== Work request ==
The needed output is the run of lines below from the one containing "In case you" through the one containing "公共建筑的设计手法,通过大面", copied exactly and free of pictures.

(Data entries)
● ● ● ● ●

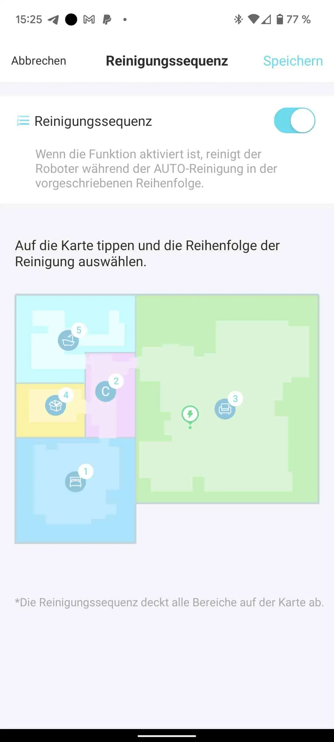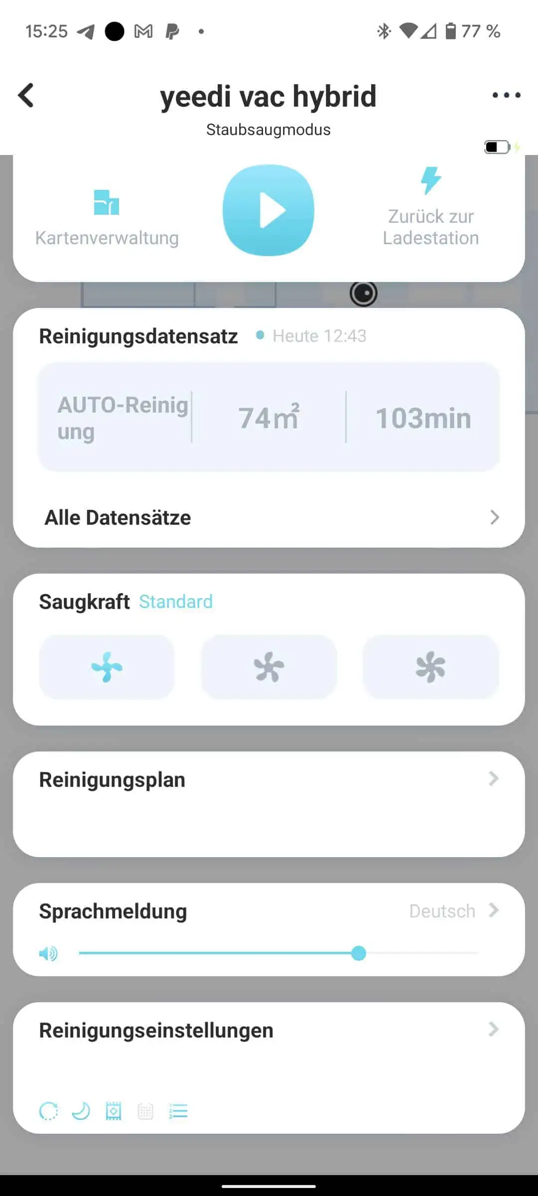 In der App können dann Zeitpläne und auch die Reihenfolge der Reinigung festgelegt werden. Man findet Statistiken zur Reinigung, Einstellung der Saugkraft usw. Für Teppichböden kann eine automatische Erhöhung der Saugkraft aktiviert werden.
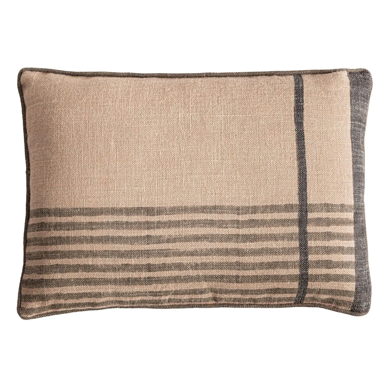 El Cojín Nagore de VICAL aporta un aire clásico renovado gracias a su dibujo lineal en beige y marrón. Fabricado en yute y fibra natural, es una pieza resistente, cálida y funcional, ideal para hogares que buscan un toque orgánico con carácter. *Incluye relleno.
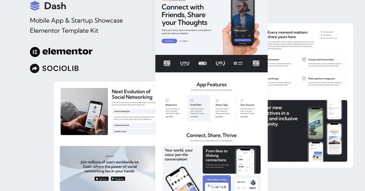 Dash is an Elementor Template Kit for quickly and easily creating Mobile App & Startup Showcase website using the Elementor Page Builder plugin for WordPress. Suitable for Mobile App, Application, Download, Startup, Social Media, Agency, etc. Style your WordPress website with this creative and modern webdesign style template kit to bring a modern feel to your blog.
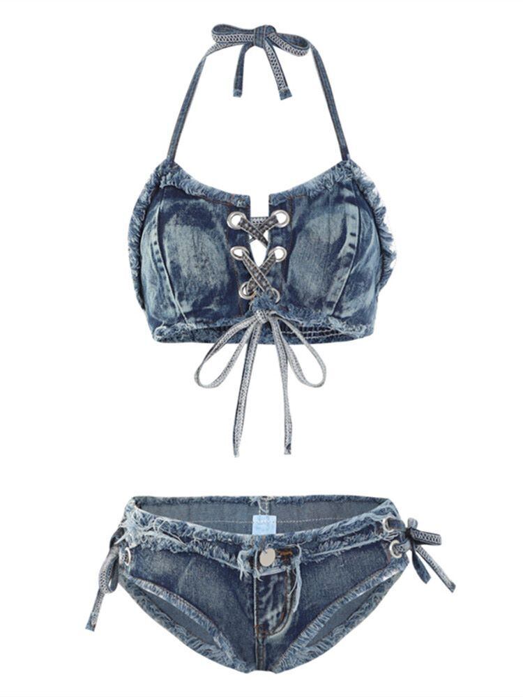 ホルターネック ストラップ デニム ビキニ 水着 ショートパンツ 胸元 谷間魅せ セット 大人可愛い セクシー 大人っぽい おしゃれ 個性的 クール 無地 レディース 春 夏 海 ビーチ プール リゾート 旅行 スポーツ スタイルアップ 韓国 スタイル 新作 送料無料 インスタ映え S M L
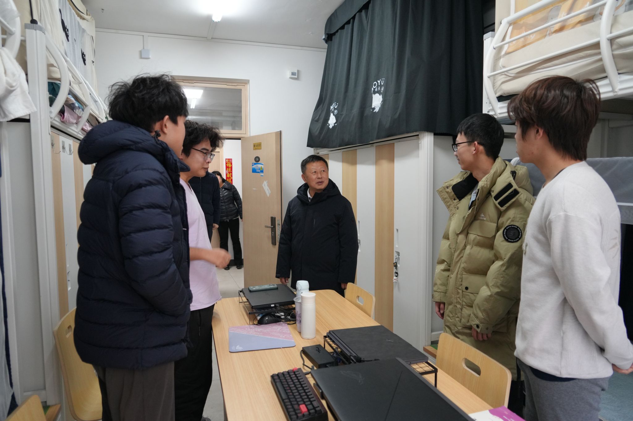 2月24日,副校长徐伟来到国际教育学院,实地走访留学生宿舍,听取留学生开学准备工作汇报。徐伟强调,要高标准做好学校国际化建设顶层设计,统筹推进师资、学生、教育发展等各领域国际化工作。要全方位保障留学生开学安全稳定,细致做好留学生日常生活关怀和教育服务保障,建立起多部门联动的快速处置机制,规范涉外事项处置流程,推动留学生管理服务工作精准化、高效化开展。
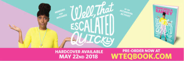 In case you missed it, I wrote a book! That’s right – a whole book! Well That Escalated Quickly: Memoirs & Mistakes of an Accidental Activist will officially be available in hardcover on May 22nd, but in the meantime you can pre-order right now at www.wteqbook.com!
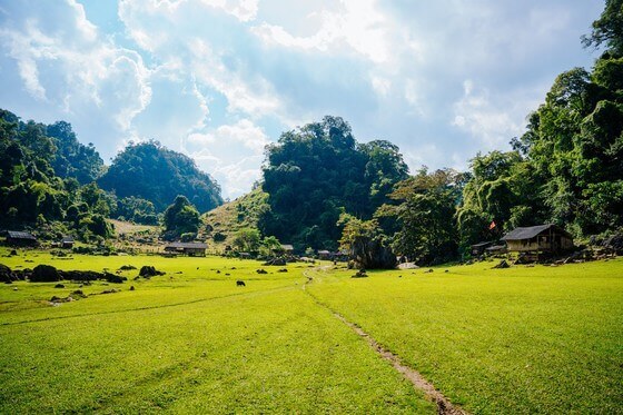 산으로 둘러싸인 푸른 잔디,뛰어다니는 몇 종류의 소,멀리에는 전통 수상 가옥이 있어 항타우 목짜우의 평화롭고 생기 넘치는 자연 풍경을 만들어냅니다.
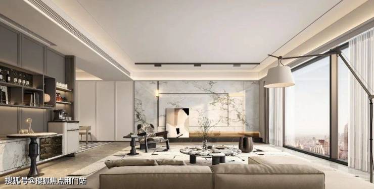 公共建筑的设计手法,通过大面积幕墙窗体系替代传统住宅的立面。蓝灰色玻璃幕横向辅以金色线条,勾勒出现代艺术感的流线立面。这种设计不仅让建筑外观更具现代质感,更重要的是将每户采光面较传统住宅提升了约30%,在确保私密性的同时,实现了‘引光入室’的居住体验。这种处理方式既符合规划对区域城市风貌的管理要求,也让住宅突破了传统采光局限,实现了美学价值与功能升级的双重突破。
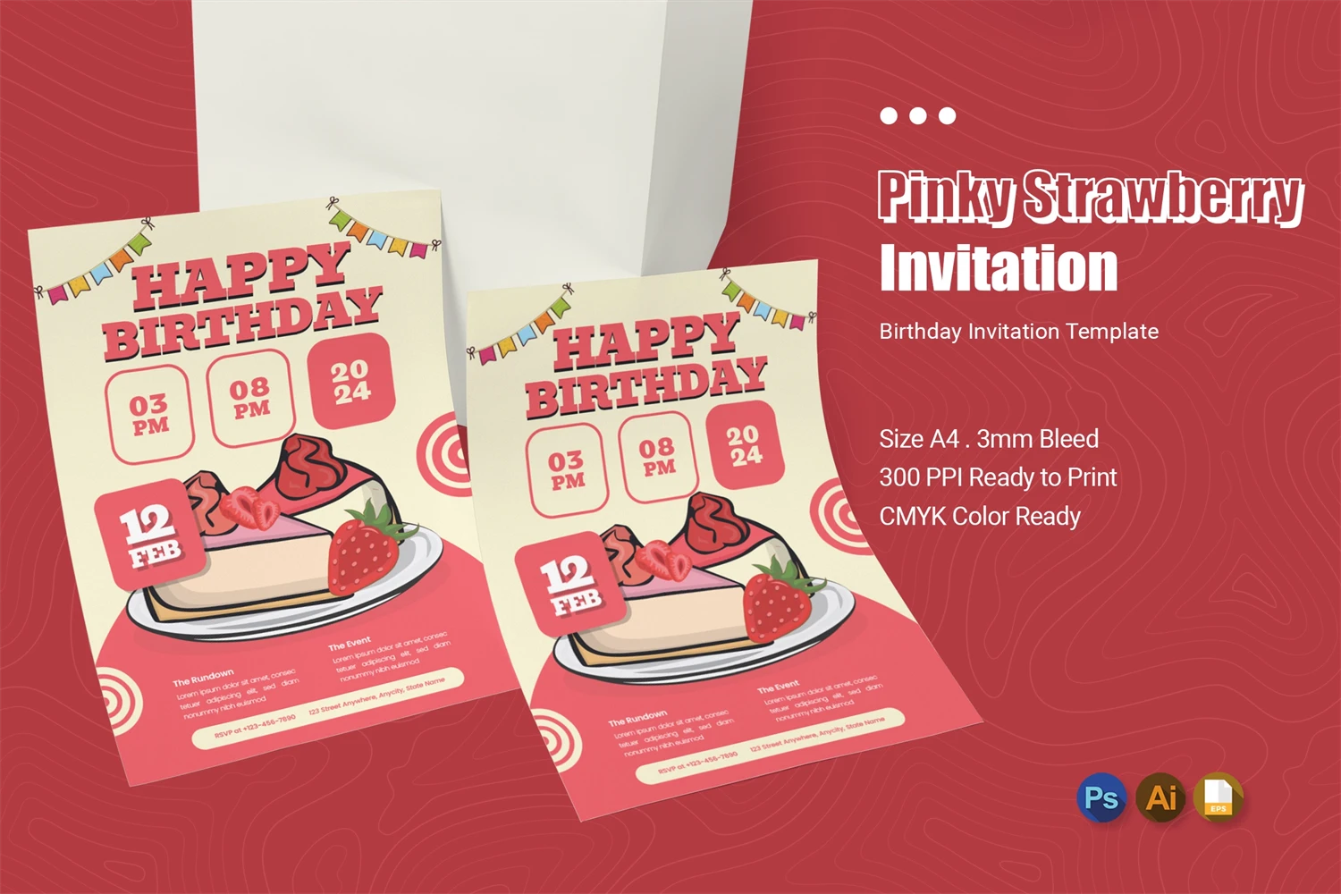 Of course you want to invite friends to your birthday party with the best invitations! Impress the invited guests with your style of invitation, by using this invitation card template. You can easily edit & customize each of the designs because every component is well organized and editable.

● ● ● ● ●

== Written reply ==
 In case you missed it, I wrote a book! That’s right – a whole book! Well That Escalated Quickly: Memoirs & Mistakes of an Accidental Activist will officially be available in hardcover on May 22nd, but in the meantime you can pre-order right now at www.wteqbook.com!
 산으로 둘러싸인 푸른 잔디,뛰어다니는 몇 종류의 소,멀리에는 전통 수상 가옥이 있어 항타우 목짜우의 평화롭고 생기 넘치는 자연 풍경을 만들어냅니다.
 公共建筑的设计手法,通过大面积幕墙窗体系替代传统住宅的立面。蓝灰色玻璃幕横向辅以金色线条,勾勒出现代艺术感的流线立面。这种设计不仅让建筑外观更具现代质感,更重要的是将每户采光面较传统住宅提升了约30%,在确保私密性的同时,实现了‘引光入室’的居住体验。这种处理方式既符合规划对区域城市风貌的管理要求,也让住宅突破了传统采光局限,实现了美学价值与功能升级的双重突破。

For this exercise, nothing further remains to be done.